Imposter est un groupe d’électro-rock basé à l’Ile de la Réunion. Il puise ses influences dans le rock et l’électro indé, se situant à la croisée de Nine Inch Nails, Depeche Mode, LCD Soundsystem, Radiohead ou encore Kely Lee Owens. Formé en 2021, à l’ombre des couvres feux et des confinements, imposter sortira son premier album en 2022. Froids et intenses, les titres d’imposter oscillent entre claustrophobie et célébration.

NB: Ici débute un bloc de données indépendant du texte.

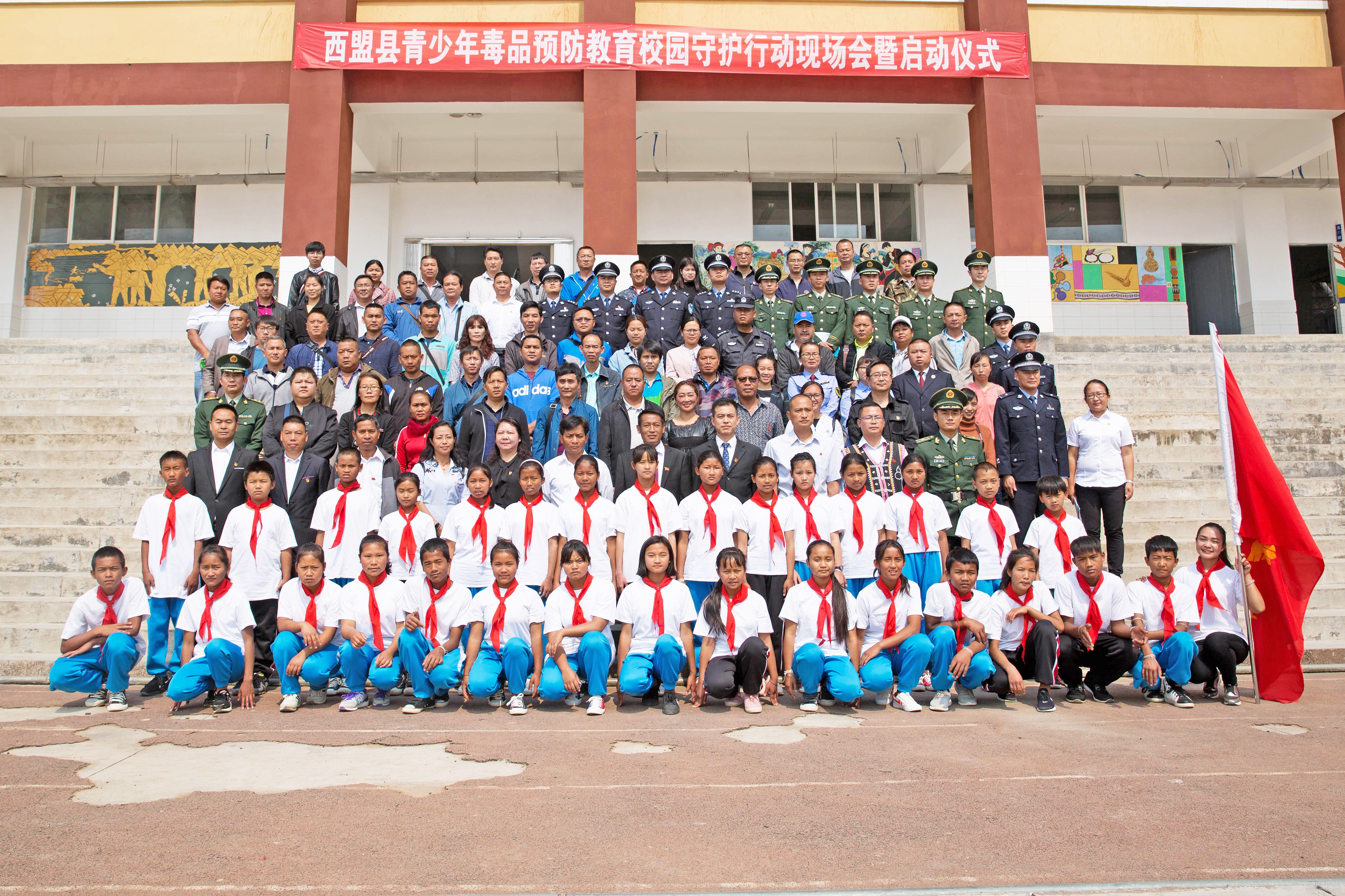 在西盟縣在力所鄉(xiāng)中心學(xué)校舉行的青少年毒品預(yù)防教育校園守護(hù)行動(dòng)現(xiàn)場(chǎng)會(huì)暨啟動(dòng)儀式上,孩子們向來(lái)自社會(huì)各界的嘉賓展示了毒品預(yù)防教育“拍手操”。之后,由身穿志愿者背心的學(xué)校師生組成的禁毒志愿者隊(duì)伍,進(jìn)行了毒品預(yù)防宣誓,演唱了自編自導(dǎo)的《禁毒者之歌》。

Ses chansons sont les bandes-son de films qui n’existent pas, ou pas encore. imposter est une formation minimaliste de trois membres. Au chant, Austin Kehoe, chanteur prolifique aux collaborations multiples sur l’ile (The Sorry Dead, Jako Maron…). À la guitare, Yann Cadet, figure centrale du métal réunionnais (Vacuum Road), qui s’aventure ici sur d’autres terrains musicaux. Aux synthétiseurs et boites à rythme, Guillaume Futhazar, compositeur et autodidacte obsessionnel. Après une intense période de composition et d’enregistrement, imposter est maintenant prêt à parcourir l’ile et ses lieux de concerts pour faire découvrir son univers visuel et sonore. 

On vous attend aussi nombreux pour découvrir le nouveau projet de Thomas Lim-Su-Kwai aka Elesca la semaine prochaine, vendredi 4 novembre avec Mélanie Badal au violoncelle, Ameylia Saad Wu soprano harpiste et compositrice et Bebass aux machines. 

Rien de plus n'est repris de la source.